Records drawn from a dataset ->

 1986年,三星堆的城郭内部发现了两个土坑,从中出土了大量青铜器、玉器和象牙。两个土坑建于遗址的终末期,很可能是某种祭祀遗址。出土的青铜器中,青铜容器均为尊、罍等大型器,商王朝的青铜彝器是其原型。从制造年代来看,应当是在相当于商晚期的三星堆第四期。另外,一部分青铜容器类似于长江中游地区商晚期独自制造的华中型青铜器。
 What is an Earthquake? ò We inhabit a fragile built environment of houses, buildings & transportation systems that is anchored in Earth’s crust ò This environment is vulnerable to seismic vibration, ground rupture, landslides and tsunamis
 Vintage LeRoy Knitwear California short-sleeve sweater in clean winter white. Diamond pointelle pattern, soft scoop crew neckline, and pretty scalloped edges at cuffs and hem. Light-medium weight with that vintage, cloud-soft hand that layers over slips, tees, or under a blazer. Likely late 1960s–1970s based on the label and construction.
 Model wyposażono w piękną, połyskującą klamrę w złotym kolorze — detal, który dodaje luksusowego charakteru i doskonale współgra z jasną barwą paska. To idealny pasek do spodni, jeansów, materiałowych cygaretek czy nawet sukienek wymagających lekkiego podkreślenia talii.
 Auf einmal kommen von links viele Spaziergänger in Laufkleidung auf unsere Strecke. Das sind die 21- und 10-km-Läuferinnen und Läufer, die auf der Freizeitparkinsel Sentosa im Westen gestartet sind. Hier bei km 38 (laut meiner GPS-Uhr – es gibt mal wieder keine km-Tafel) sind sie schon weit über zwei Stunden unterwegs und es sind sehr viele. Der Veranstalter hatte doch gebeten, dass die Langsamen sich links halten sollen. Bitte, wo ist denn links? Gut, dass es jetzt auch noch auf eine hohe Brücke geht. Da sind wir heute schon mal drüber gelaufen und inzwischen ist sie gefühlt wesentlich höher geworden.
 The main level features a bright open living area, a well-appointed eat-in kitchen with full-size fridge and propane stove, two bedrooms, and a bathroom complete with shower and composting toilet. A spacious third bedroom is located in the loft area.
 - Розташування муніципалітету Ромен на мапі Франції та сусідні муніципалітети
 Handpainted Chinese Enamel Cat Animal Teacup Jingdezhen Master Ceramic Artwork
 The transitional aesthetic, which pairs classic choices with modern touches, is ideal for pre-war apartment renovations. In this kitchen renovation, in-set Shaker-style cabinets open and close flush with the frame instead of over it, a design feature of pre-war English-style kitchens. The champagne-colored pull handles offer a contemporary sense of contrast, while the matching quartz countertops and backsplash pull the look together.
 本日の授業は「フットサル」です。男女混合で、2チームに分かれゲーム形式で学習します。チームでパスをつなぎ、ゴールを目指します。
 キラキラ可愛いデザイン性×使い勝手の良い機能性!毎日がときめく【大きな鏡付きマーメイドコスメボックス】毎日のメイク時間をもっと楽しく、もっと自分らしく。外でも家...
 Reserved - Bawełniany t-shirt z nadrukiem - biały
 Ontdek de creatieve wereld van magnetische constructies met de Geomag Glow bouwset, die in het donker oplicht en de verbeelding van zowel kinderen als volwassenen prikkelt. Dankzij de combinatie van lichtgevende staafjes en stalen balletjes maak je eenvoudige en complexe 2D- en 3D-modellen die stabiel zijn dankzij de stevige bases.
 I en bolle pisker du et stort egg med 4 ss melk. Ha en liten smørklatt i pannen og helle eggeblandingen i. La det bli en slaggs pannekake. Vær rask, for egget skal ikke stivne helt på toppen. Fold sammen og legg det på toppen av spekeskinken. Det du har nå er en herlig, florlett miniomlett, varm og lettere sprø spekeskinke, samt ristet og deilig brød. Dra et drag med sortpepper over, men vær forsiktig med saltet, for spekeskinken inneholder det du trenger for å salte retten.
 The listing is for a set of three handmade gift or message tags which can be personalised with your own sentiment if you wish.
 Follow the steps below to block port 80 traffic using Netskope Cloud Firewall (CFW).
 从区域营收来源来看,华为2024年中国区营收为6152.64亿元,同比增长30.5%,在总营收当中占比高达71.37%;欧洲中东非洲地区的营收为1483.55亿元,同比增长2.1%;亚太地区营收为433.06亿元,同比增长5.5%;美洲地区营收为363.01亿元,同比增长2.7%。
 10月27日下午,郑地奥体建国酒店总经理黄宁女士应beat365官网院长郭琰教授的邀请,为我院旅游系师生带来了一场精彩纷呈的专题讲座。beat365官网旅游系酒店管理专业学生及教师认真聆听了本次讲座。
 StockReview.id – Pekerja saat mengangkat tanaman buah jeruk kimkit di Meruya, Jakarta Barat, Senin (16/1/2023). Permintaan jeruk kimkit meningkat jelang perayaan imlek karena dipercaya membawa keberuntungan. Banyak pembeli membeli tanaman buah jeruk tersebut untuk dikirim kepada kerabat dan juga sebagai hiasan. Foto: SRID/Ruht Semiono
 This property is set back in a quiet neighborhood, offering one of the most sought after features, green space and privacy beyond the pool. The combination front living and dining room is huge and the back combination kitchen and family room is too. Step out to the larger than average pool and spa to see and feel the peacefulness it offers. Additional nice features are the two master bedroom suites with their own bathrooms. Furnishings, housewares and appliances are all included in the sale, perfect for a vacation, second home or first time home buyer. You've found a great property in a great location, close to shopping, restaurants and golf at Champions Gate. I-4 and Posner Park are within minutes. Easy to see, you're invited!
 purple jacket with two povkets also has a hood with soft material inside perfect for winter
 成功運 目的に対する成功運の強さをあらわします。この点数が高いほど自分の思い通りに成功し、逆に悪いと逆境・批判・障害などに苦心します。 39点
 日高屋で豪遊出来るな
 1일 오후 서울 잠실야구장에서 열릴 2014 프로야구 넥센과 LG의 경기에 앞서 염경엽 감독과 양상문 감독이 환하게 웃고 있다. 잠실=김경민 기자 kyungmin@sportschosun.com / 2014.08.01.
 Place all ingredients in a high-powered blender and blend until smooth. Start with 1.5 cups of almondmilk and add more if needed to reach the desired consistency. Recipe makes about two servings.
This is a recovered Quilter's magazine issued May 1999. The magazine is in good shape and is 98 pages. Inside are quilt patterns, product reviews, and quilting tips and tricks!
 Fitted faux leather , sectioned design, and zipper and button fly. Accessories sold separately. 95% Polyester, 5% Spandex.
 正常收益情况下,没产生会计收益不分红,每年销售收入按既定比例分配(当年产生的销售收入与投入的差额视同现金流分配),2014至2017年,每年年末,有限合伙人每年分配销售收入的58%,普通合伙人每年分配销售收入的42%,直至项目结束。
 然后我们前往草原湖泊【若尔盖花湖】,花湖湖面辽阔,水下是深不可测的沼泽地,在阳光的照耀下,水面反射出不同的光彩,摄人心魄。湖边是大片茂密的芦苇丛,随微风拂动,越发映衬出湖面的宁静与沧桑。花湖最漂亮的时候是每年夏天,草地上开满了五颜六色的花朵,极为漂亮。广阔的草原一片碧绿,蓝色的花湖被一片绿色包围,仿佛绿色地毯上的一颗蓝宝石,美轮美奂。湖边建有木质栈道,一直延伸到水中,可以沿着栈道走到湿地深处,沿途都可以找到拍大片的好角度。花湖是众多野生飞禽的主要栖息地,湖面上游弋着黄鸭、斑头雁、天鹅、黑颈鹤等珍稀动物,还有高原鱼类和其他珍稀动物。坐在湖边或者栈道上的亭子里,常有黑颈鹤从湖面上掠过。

How to complete this task ->
Return the lines above that include the string "which".

Solution ->
 The transitional aesthetic, which pairs classic choices with modern touches, is ideal for pre-war apartment renovations. In this kitchen renovation, in-set Shaker-style cabinets open and close flush with the frame instead of over it, a design feature of pre-war English-style kitchens. The champagne-colored pull handles offer a contemporary sense of contrast, while the matching quartz countertops and backsplash pull the look together.
 The listing is for a set of three handmade gift or message tags which can be personalised with your own sentiment if you wish.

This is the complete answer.